Séance Séminaire

Séminaire de Probabilités et Statistique

lundi 16 décembre 2019 à 13:45 - UM - Bât 09 - Salle de conférence (1er étage)

Ghislain Durif (Université de Montpellier)

Dimension reduction approaches for Single Cell Expression Data Analysis

Thanks to the development of high throughput single-cell technologies in the recent years, it is now possible to explore the genomic and functioning diversity between the cells of a same organism.

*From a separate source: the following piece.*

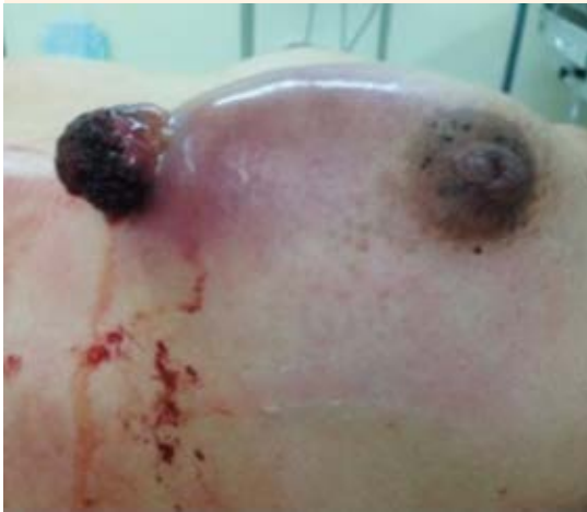
Figura 1. Glándula mamaria izquierda con protrusión del tumor en el sitio de punción de la biopsia.

In particular, gene expression quantification at the single-cell level (scRNA-seq data) provides a unique insight on the cell-to-cell and gene-to-gene variability. However, single-cell expression data are (i) high-dimensional (1000s of cells and genes), (ii) over-dispersed count data with drop-outs (phenomenon of zero-inflation). Because of these specificities, analysing such data remains a statistical challenge, regarding data exploration (unsupervised) and classification (supervised). We will focus on dimension reduction approaches specifically tailored to answer this type of questions. First, we will present an unsupervised approach to provide a low-dimensional representation of single-cell expression data, based on a probabilistic version of principal component analysis (PCA). In particular, we propose a probabilistic Count Matrix Factorization (pCMF) method, that relies on a sparse Gamma-Poisson factor model with two specific compartments to handle zero-inflation and inforce sparsity in the low dimensional representation of genes. This framework induces a geometry that is suitable for single-cell expression data visualization. Then, we will focus on a classification problem regarding unknown cell type identification based on gene expression. On this matter, we will present a latent space projection method combined with a sparsity-based variable selection framework called sparse PLS. We propose a generalization of sparse PLS regression to binary or multi-group classification, designed to overcome convergence and stability issues (regarding prediction and selection) that arise when combining this type of dimension reduction algorithm with logistic regression.